• _What this task involves_
Reproduce the listing that follows character for character, excluding its pictures.

─── Data extract

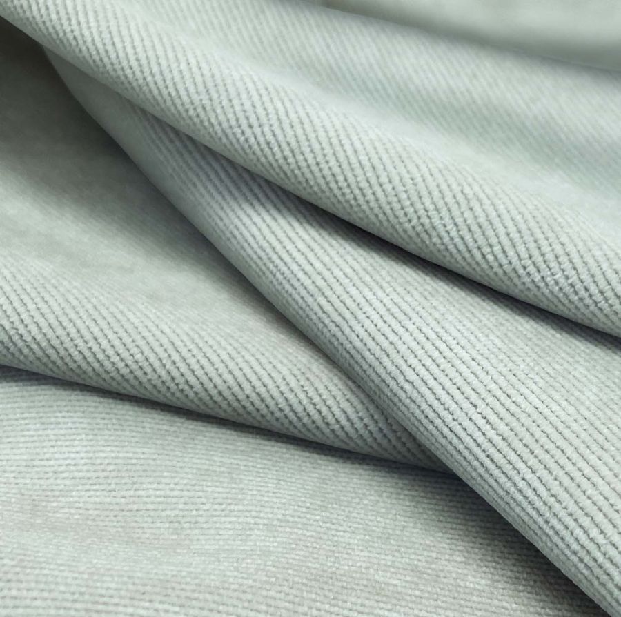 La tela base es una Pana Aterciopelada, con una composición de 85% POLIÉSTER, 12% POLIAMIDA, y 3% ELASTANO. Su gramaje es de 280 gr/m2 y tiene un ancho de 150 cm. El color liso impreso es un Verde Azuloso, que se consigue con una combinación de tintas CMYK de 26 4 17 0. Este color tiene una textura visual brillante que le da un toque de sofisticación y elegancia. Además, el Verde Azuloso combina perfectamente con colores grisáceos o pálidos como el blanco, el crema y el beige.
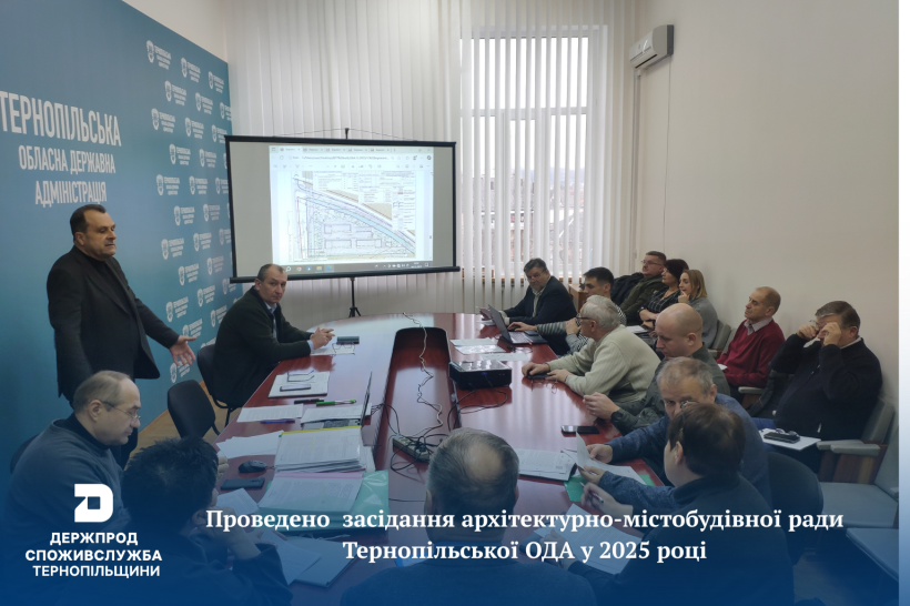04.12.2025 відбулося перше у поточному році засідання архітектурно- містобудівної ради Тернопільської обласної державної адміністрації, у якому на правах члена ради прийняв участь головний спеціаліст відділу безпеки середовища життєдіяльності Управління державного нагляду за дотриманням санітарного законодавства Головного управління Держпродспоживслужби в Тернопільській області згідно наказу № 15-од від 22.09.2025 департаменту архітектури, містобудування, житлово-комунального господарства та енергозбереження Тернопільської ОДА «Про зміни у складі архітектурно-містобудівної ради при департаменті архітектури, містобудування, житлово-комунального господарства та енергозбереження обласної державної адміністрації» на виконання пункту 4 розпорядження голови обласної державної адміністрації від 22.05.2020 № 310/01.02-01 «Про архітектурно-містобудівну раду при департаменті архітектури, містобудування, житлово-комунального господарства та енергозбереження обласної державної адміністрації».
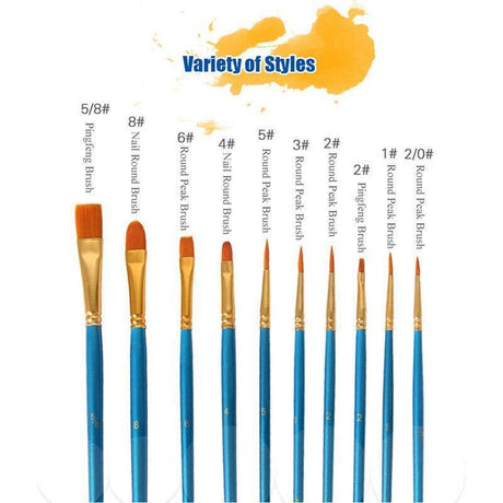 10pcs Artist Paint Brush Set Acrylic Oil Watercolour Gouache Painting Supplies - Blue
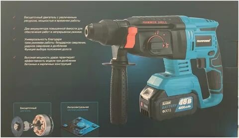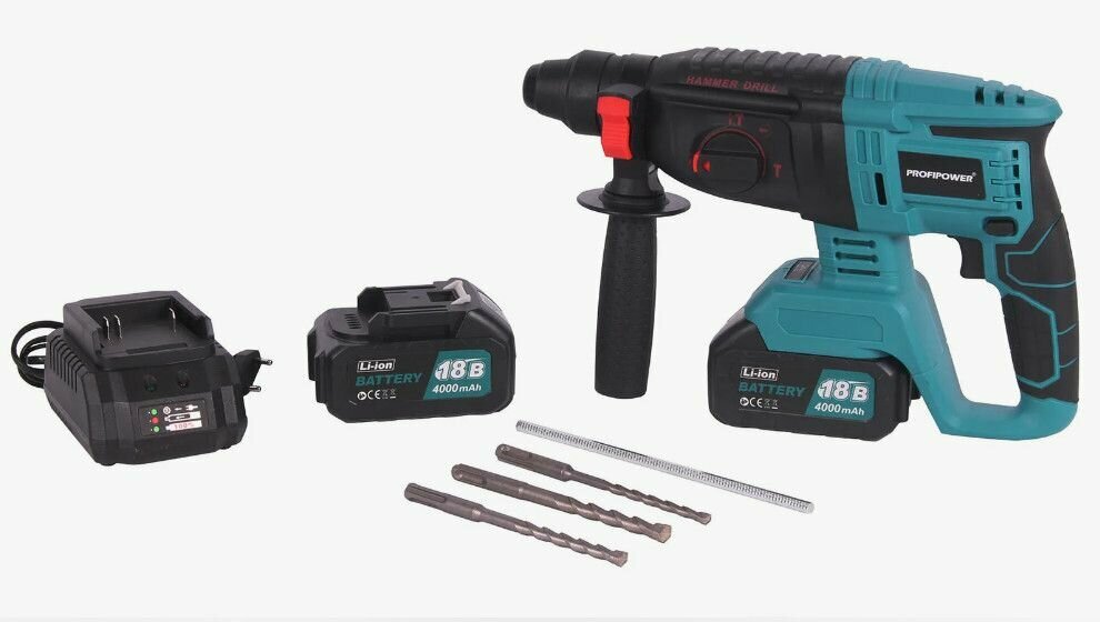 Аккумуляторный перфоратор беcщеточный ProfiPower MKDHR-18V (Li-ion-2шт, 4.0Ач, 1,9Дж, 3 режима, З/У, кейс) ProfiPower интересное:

──────

• _Result of the task_
 La tela base es una Pana Aterciopelada, con una composición de 85% POLIÉSTER, 12% POLIAMIDA, y 3% ELASTANO. Su gramaje es de 280 gr/m2 y tiene un ancho de 150 cm. El color liso impreso es un Verde Azuloso, que se consigue con una combinación de tintas CMYK de 26 4 17 0. Este color tiene una textura visual brillante que le da un toque de sofisticación y elegancia. Además, el Verde Azuloso combina perfectamente con colores grisáceos o pálidos como el blanco, el crema y el beige.
04.12.2025 відбулося перше у поточному році засідання архітектурно- містобудівної ради Тернопільської обласної державної адміністрації, у якому на правах члена ради прийняв участь головний спеціаліст відділу безпеки середовища життєдіяльності Управління державного нагляду за дотриманням санітарного законодавства Головного управління Держпродспоживслужби в Тернопільській області згідно наказу № 15-од від 22.09.2025 департаменту архітектури, містобудування, житлово-комунального господарства та енергозбереження Тернопільської ОДА «Про зміни у складі архітектурно-містобудівної ради при департаменті архітектури, містобудування, житлово-комунального господарства та енергозбереження обласної державної адміністрації» на виконання пункту 4 розпорядження голови обласної державної адміністрації від 22.05.2020 № 310/01.02-01 «Про архітектурно-містобудівну раду при департаменті архітектури, містобудування, житлово-комунального господарства та енергозбереження обласної державної адміністрації».
 10pcs Artist Paint Brush Set Acrylic Oil Watercolour Gouache Painting Supplies - Blue
 Аккумуляторный перфоратор беcщеточный ProfiPower MKDHR-18V (Li-ion-2шт, 4.0Ач, 1,9Дж, 3 режима, З/У, кейс) ProfiPower интересное:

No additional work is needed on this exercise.